▶ _Required work_:
The reply is a verbatim copy of the listing below with its images dropped.

▶ _Source material_:

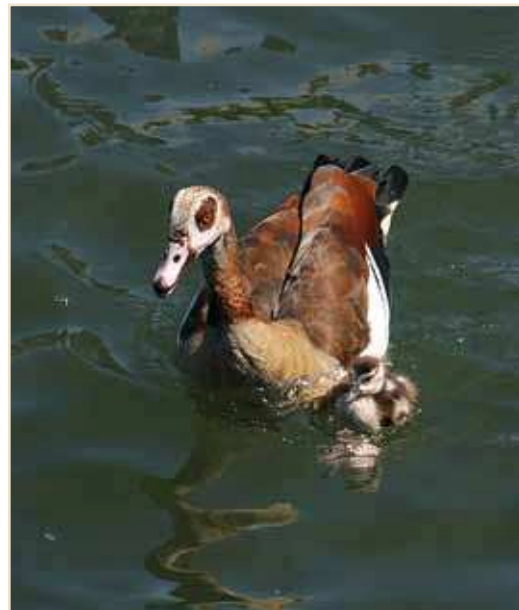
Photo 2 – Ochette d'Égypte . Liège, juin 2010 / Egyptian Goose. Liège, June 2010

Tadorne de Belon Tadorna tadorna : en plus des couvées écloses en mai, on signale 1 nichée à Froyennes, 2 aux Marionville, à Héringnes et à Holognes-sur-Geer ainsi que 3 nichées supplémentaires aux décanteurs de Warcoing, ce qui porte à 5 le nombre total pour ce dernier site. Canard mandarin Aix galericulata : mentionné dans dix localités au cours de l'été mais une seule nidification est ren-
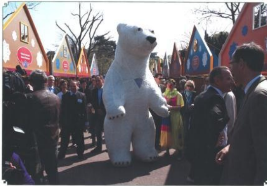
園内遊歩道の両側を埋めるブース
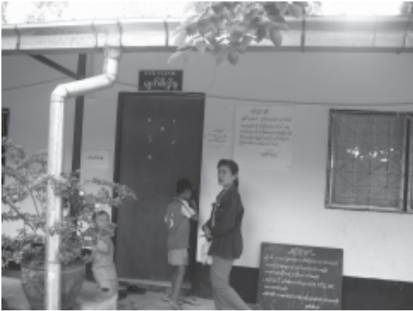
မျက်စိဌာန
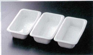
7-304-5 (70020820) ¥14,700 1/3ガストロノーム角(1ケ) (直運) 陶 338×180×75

▶ _Exercise result_:
Photo 2 – Ochette d'Égypte . Liège, juin 2010 / Egyptian Goose. Liège, June 2010

Tadorne de Belon Tadorna tadorna : en plus des couvées écloses en mai, on signale 1 nichée à Froyennes, 2 aux Marionville, à Héringnes et à Holognes-sur-Geer ainsi que 3 nichées supplémentaires aux décanteurs de Warcoing, ce qui porte à 5 le nombre total pour ce dernier site. Canard mandarin Aix galericulata : mentionné dans dix localités au cours de l'été mais une seule nidification est ren-
園内遊歩道の両側を埋めるブース
မျက်စိဌာန
7-304-5 (70020820) ¥14,700 1/3ガストロノーム角(1ケ) (直運) 陶 338×180×75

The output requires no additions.